Following Ibn Hud's assassination in 1238 and the signing of the Treaty of Alcaraz (1243), Murcia became a protectorate of the Crown of Castile, retaining autonomy for its Muslim population. Under the treaty, the Alcázar Mayor was occupied by a Christian garrison, making the Alcázar Menor the primary residence of the Murcian royal family led by Ibn Hud al-Dawla.

== Residence of Christian monarchs (1266–1365) ==
After the Mudéjar revolt of 1264-1266 was suppressed by James I of Aragon, and Murcia was permanently incorporated into Castilian control on February 2, 1266, the Alcázar Menor became a royal residence. It hosted notable figures such as Alfonso X of Castile, Violant of Aragon, and James I of Aragon during their visits to the Kingdom of Murcia.

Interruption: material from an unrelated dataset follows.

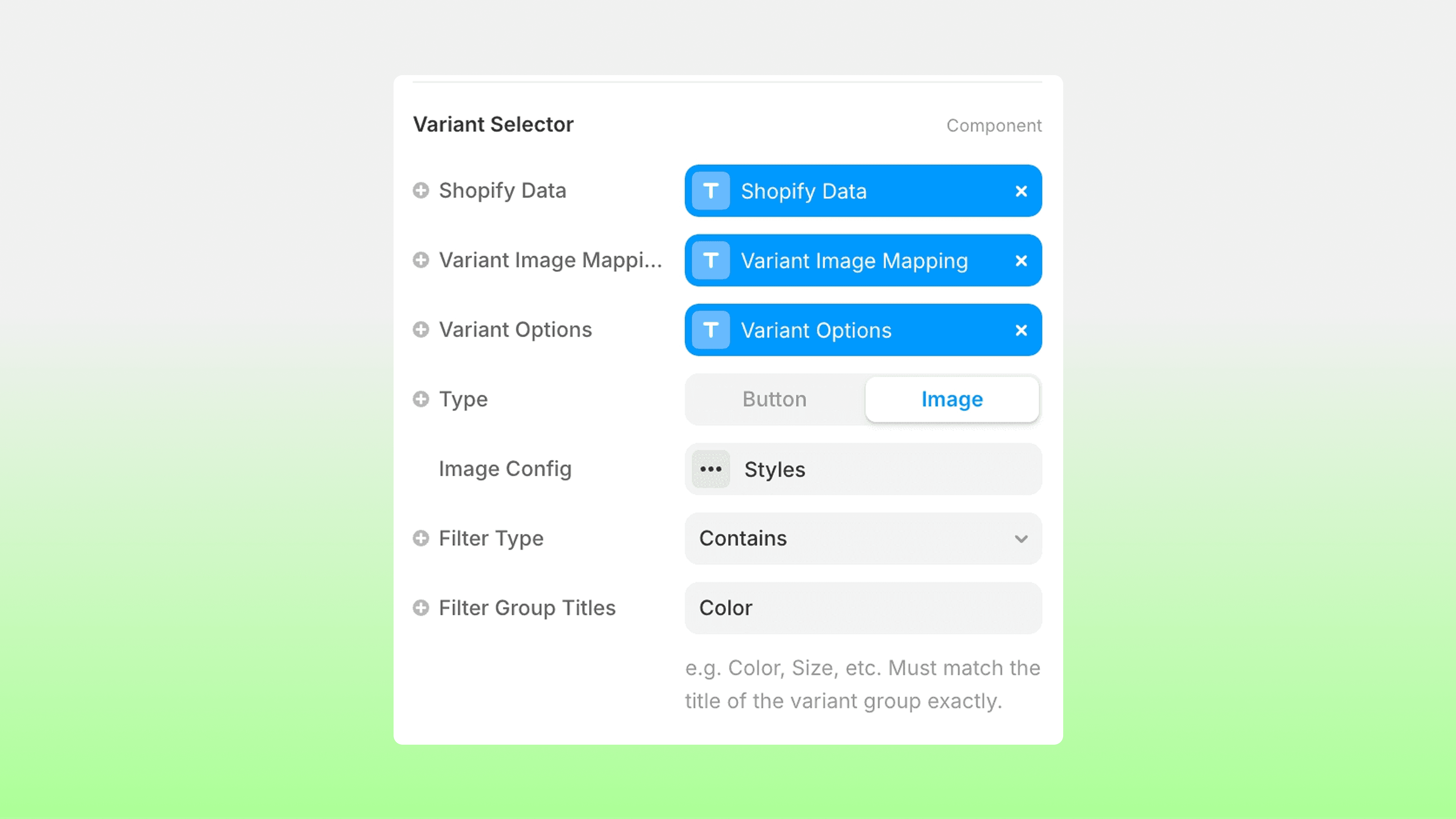 Connect ‘Shopify Data’, ‘Variant Image Mapping’ and ‘Variant Options’ variables to the matching field from the CMS.
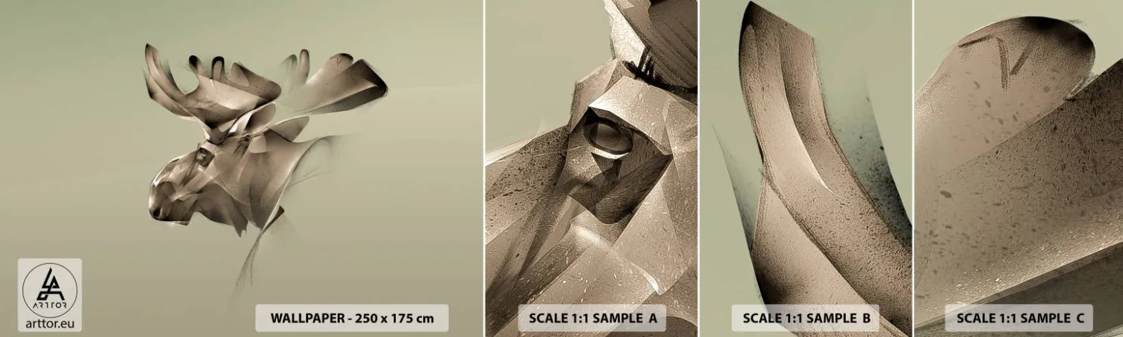 Amostra de papel de parede autocolante Deluxe Sticker - O poder suave da calma - alce, Abstração, Pedaço - 100x30 cm

During this period, the palace estate, which included other structures, baths, gardens, and orchards, was subdivided among various royal beneficiaries. This resulted in separate properties like the Real de la Reina and the estate of Infante Don Fernando. King James I stayed in Murcia again in 1274 at these estates.

== Convent (1365–1367) ==
Previously, sections of the palace had already been granted to the Franciscans. However, in 1365, Peter I of Castile donated his royal chambers to Abbess Berenguela de Espín and the Poor Clares, which have owned it ever since.

In 1367, the nuns obtained permission from Bishop Nicolás de Aguilar to repurpose the semi-ruined palace into a convent. The old Muslim courtyard became the center of monastic life, with arcades and additional buildings gradually added.